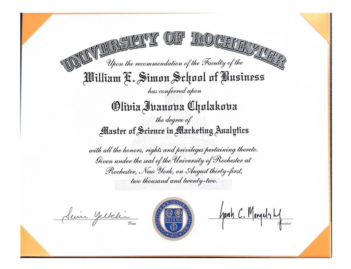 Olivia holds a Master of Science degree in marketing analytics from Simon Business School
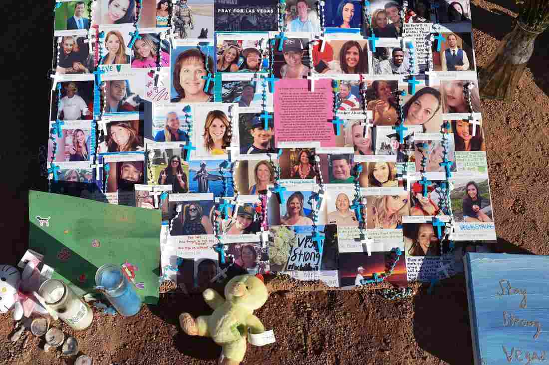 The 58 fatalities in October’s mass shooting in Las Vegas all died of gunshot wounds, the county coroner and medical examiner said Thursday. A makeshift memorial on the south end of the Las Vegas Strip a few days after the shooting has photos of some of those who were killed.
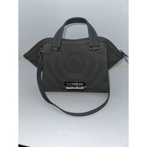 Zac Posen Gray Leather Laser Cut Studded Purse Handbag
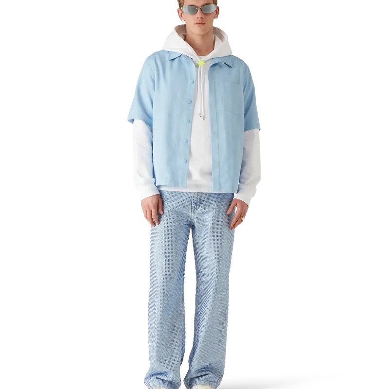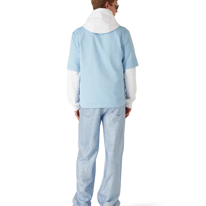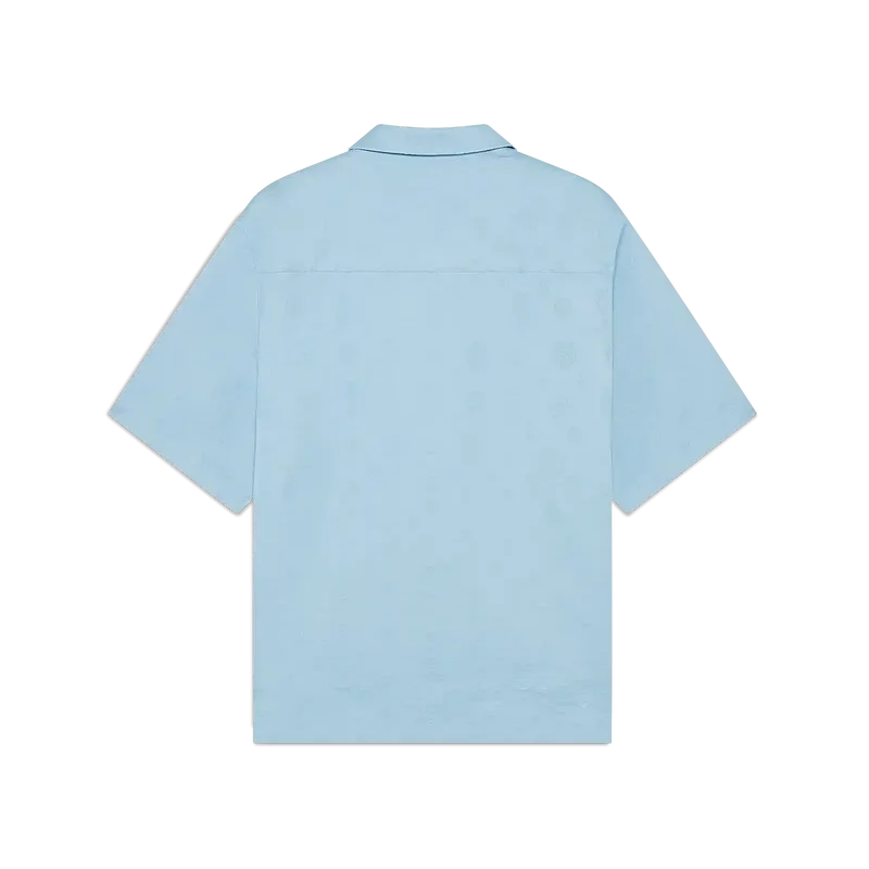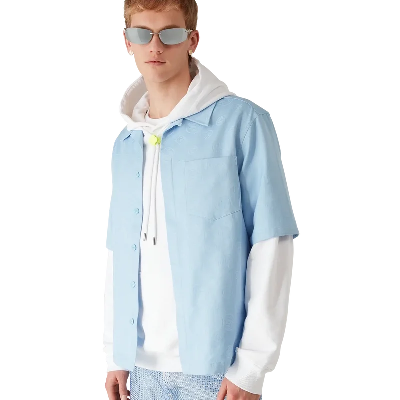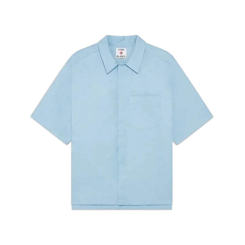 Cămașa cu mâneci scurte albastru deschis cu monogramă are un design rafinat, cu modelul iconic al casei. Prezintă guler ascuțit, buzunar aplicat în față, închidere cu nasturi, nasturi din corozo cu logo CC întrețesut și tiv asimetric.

#### [TASK OBJECTIVE]
Emit the lines of the data above from the one containing "Zac Posen Gray" through its final line, both endpoints included. Pictures do not belong in the output.

#### [TASK OUTPUT]
 Zac Posen Gray Leather Laser Cut Studded Purse Handbag
 Cămașa cu mâneci scurte albastru deschis cu monogramă are un design rafinat, cu modelul iconic al casei. Prezintă guler ascuțit, buzunar aplicat în față, închidere cu nasturi, nasturi din corozo cu logo CC întrețesut și tiv asimetric.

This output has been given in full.